Батенин поправил перед зеркалом узел галстука. Сколько ни бился над ним, так и не вышел он большим и объемным. Каким-то он у него получился морщинистым. И край воротника на рубашке он утюгом загладил неправильно. Стрелка на одной брючине уползла куда-то влево. Пиджак немного в плечах поджимал. Не очень, конечно, в глаза бросалось, но, если присмотреться, можно было заметить.

– Ну и что! – пробубнил он в зеркало. – Главное, чтобы человек был хороший, так ведь? А когда хороших двое и они вместе, это уже рай.

Батенин хотел рая на земле, фею подле себя и ангелочков там же. Все, что могло с ним быть после смерти, его не интересовало. Это когда еще будет, да и будет ли. Он хотел здесь и сейчас. Потому и шел упрямо на встречу с девушкой, которая его не знала совсем. И плевать он хотел на то, что пиджак ему маловат, а стрелки на брюках виляют, как поселковый тракт, плевать на то, что галстук он неумело завязал, а розы, купленные вчера, чуть увяли и уже не так хороши и свежи. Плевать! Он идет не просто на встречу с любимой девушкой, которую выбрал себе в жены. Он идет ее спасать, вот так!

– Нет ее! – гавкнула соседка его феи прямо в его спину, туго обтянутую пиджаком.

– А… А где она может быть? – Лев оглянулся, улыбнулся, поправил букет.

– А кто ж ее знает! – Женщина в тонком трикотажном костюме апельсинового цвета с огромным парусником во всю грудь посмотрела на его букет. – Завяли розы-то.

– Да уж.

– Давно, стало быть, ждешь?

– Со вчерашнего вечера, – вдруг брякнул он непонятно зачем. Видел же ее вчера, специально столкнулся с ней.

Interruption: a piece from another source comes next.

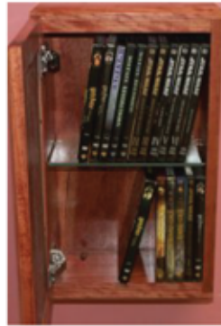
MC-418 depicted here in Sedona Red Stain.
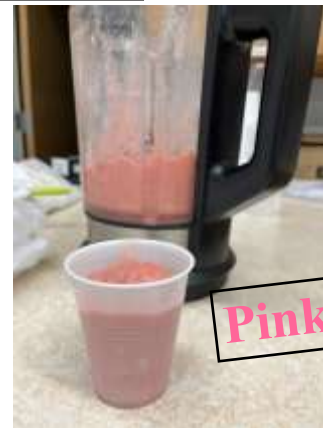
Pink Ink Drink

– Да? – соседка феи удивленно вскинула брови. – Вчера она приходила вечером. Странно, что ты ее проглядел. Правда… она может и не открыть, хотя и дома. Тут один ходил все, ходил, она не открывала. Он и поостыл. Больше не ходит. А вчера… Вчера она точно была здесь, я слыхала через дверь, как она с кем-то разговаривала.

– У нее были гости? – взревновал тут же Батенин.

– Может, гости, а может, по телефону с кем говорила.

– А утром ее не видели?

– Нет, не видала. На дачу поехала, семи еще не было. Только сейчас и вернулась.

– А как же вы тогда можете знать, что ее дома нет? – резонно заметил Батенин, перебросив букет себе за спину.

Дарить его уже было нельзя. Головки роз поникли, краешки лепестков потемнели. Отвратительное зрелище, Батенин брезгливо поморщился. Он терпеть не мог увядших цветов. Со дня смерти матери терпеть не мог. И дома их не держал никогда, и в вазы не ставил, боясь их увядания.

– Так почтальонша мне сказала. Мы столкнулись с ней возле подъезда, – охотно пояснила соседка, стягивая через задник крепко зашнурованные кеды. – Спросила про нее вон, где, говорит, может быть. Второй раз за сегодня, говорит, извещение на заказное письмо с уведомлением приношу, а ее нет.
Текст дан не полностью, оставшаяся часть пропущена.